Problem statement: After locating "아이템을 드랍하는 몬스터도" in the listing below, copy that line and each one after it exactly, ending with the line that has "Da se Vlasi".

Listed entries:
=== Section Start ===
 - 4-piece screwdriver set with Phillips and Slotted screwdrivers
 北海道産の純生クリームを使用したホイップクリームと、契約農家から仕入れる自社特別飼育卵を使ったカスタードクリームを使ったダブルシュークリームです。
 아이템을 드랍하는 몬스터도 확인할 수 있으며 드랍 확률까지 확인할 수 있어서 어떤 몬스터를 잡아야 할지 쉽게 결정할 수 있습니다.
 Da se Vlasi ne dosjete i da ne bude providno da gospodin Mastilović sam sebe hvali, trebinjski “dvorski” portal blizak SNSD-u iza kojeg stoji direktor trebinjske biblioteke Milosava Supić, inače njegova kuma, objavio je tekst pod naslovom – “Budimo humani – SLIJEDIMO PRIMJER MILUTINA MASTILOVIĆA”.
=== Section End ===
=== Section Start ===
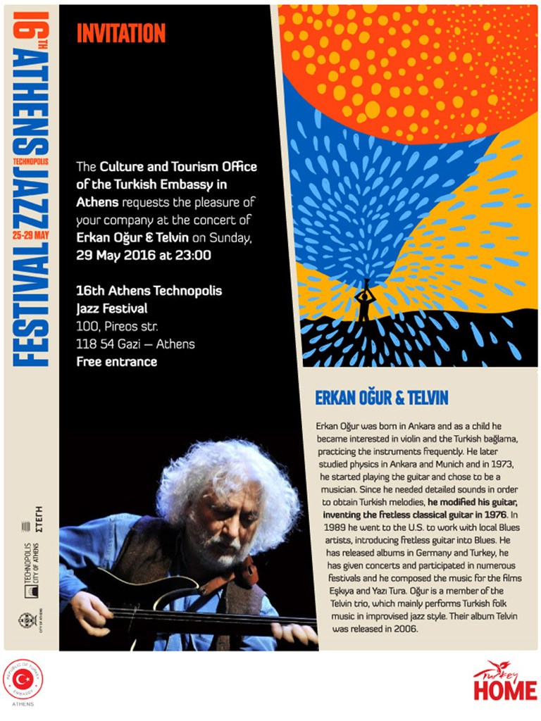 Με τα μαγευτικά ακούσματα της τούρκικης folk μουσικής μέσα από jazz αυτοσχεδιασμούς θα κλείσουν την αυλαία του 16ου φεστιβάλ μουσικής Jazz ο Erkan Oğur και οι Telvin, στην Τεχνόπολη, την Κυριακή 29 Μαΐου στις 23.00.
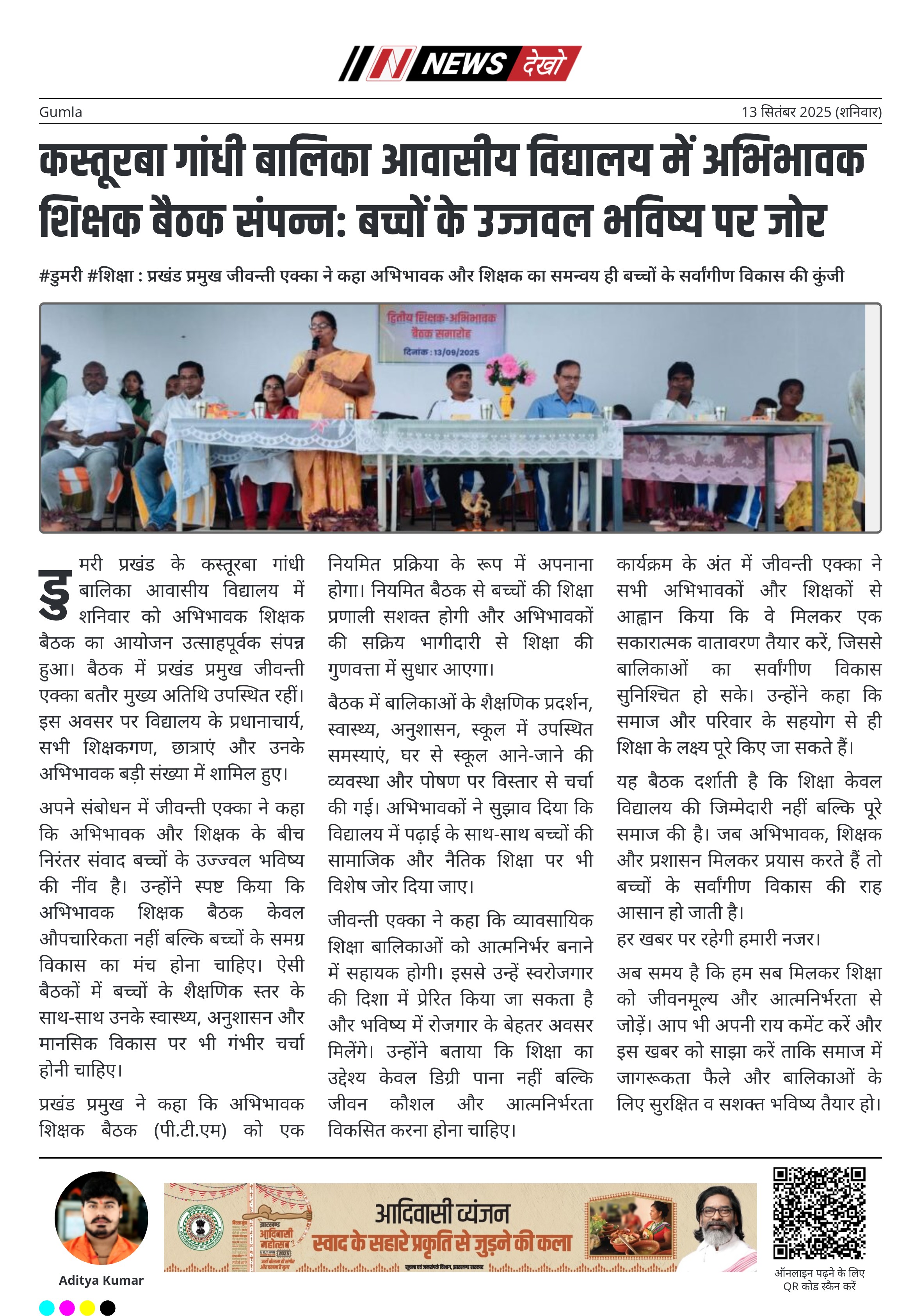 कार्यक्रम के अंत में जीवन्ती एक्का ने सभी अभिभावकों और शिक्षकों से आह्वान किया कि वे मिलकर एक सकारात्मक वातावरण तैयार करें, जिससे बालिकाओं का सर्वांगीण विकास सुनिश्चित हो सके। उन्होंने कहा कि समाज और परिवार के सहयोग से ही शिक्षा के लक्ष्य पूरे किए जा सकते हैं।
=== Section End ===
=== Section Start ===
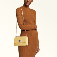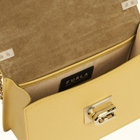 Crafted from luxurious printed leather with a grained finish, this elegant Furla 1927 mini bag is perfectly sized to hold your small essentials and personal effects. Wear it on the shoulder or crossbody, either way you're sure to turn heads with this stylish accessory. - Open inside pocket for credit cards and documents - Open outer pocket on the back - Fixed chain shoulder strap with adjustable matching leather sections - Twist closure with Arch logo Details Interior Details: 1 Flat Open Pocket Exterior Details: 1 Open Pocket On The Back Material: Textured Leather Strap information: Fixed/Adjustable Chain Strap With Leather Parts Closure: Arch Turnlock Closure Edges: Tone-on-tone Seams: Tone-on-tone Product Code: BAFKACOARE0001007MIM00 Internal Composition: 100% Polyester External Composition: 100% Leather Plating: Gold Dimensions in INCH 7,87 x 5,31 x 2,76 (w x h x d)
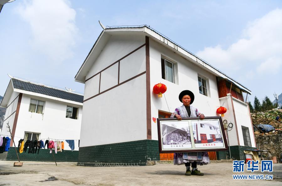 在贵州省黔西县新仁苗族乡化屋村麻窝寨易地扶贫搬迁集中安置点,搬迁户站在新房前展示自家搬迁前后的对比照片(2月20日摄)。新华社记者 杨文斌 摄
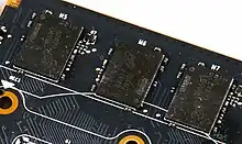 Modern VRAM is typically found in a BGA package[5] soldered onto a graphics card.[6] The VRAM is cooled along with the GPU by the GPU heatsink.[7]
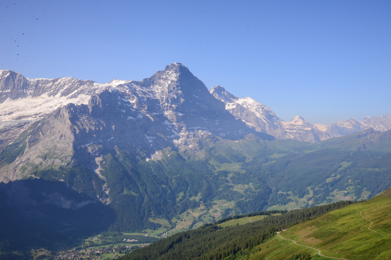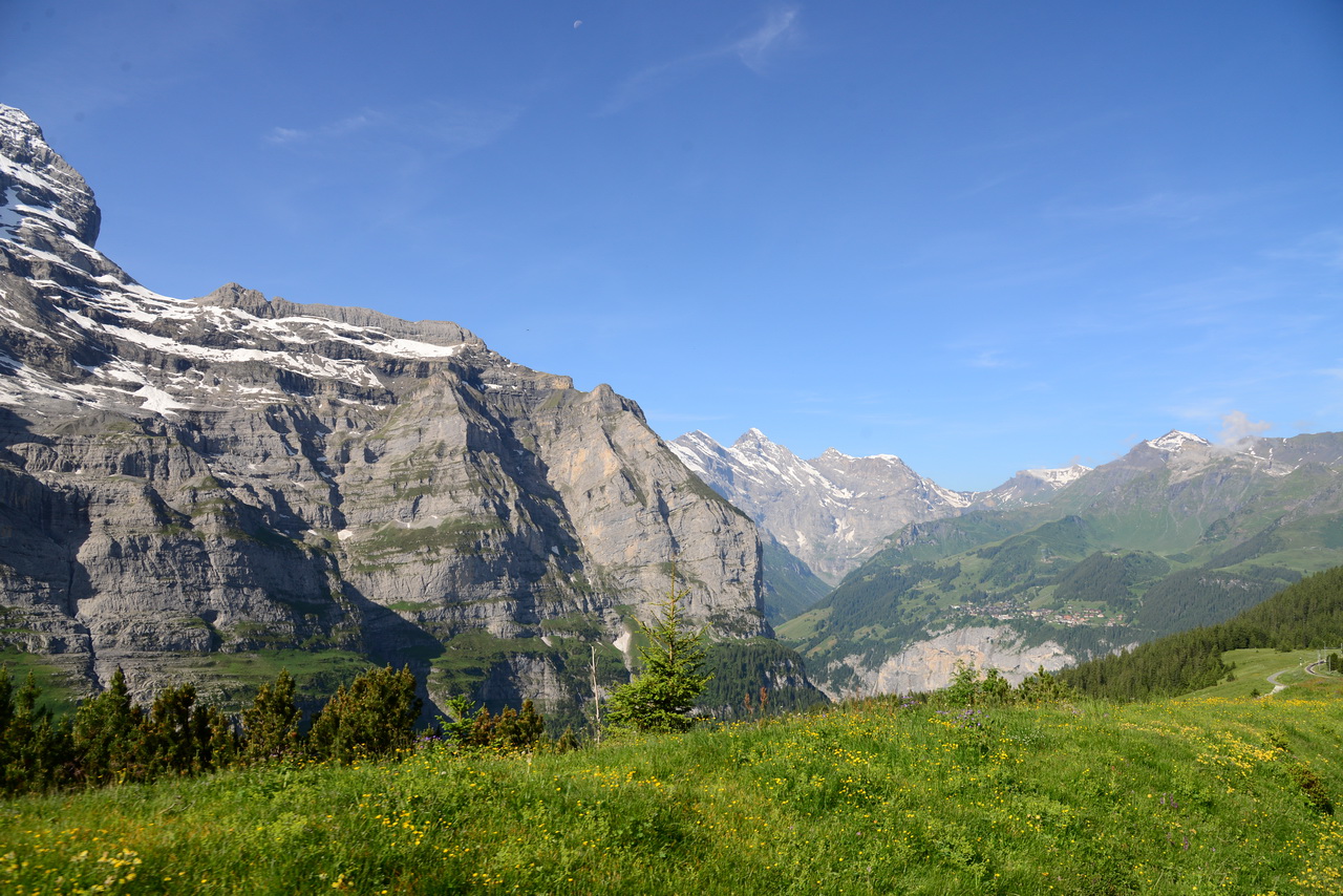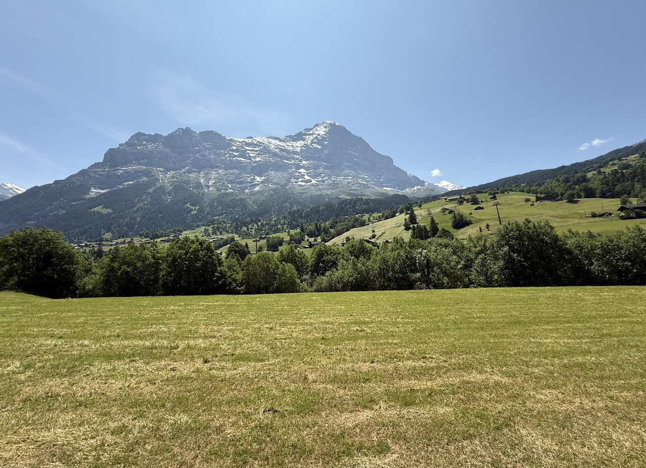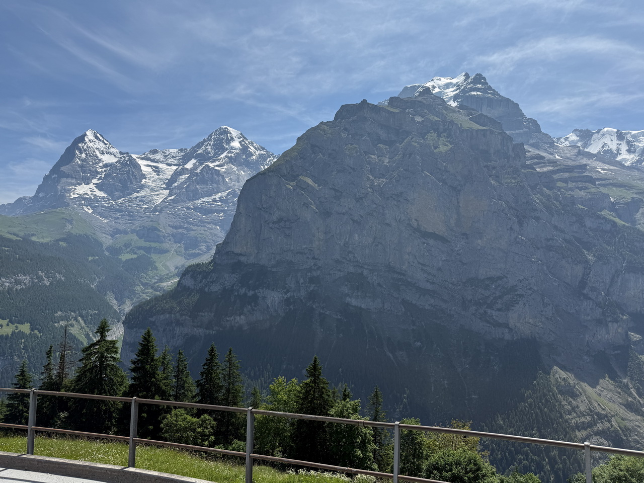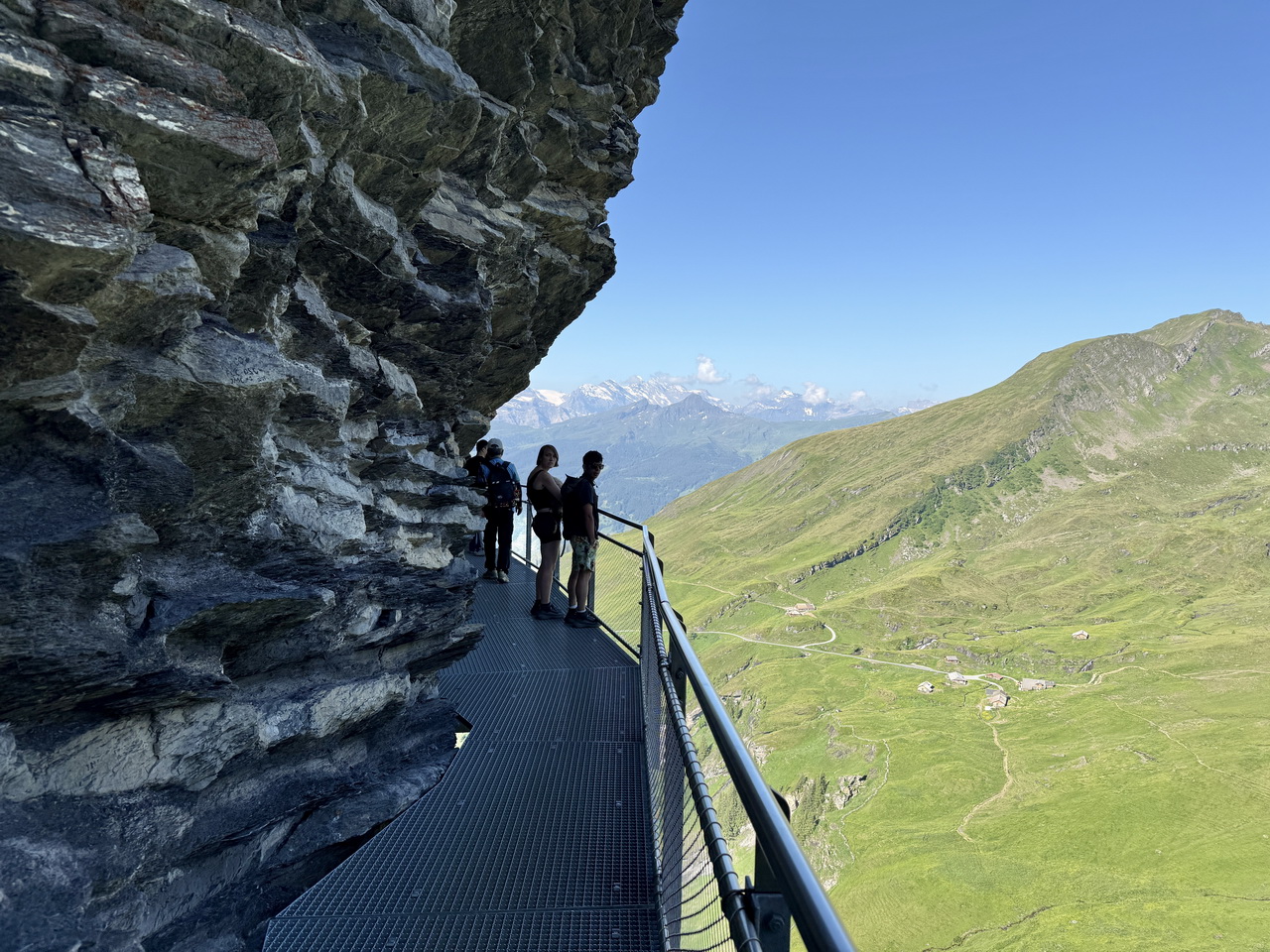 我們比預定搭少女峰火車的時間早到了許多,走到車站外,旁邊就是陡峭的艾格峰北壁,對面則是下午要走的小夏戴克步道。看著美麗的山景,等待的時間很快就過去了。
=== Section End ===
Written solution:
 아이템을 드랍하는 몬스터도 확인할 수 있으며 드랍 확률까지 확인할 수 있어서 어떤 몬스터를 잡아야 할지 쉽게 결정할 수 있습니다.
 Da se Vlasi ne dosjete i da ne bude providno da gospodin Mastilović sam sebe hvali, trebinjski “dvorski” portal blizak SNSD-u iza kojeg stoji direktor trebinjske biblioteke Milosava Supić, inače njegova kuma, objavio je tekst pod naslovom – “Budimo humani – SLIJEDIMO PRIMJER MILUTINA MASTILOVIĆA”.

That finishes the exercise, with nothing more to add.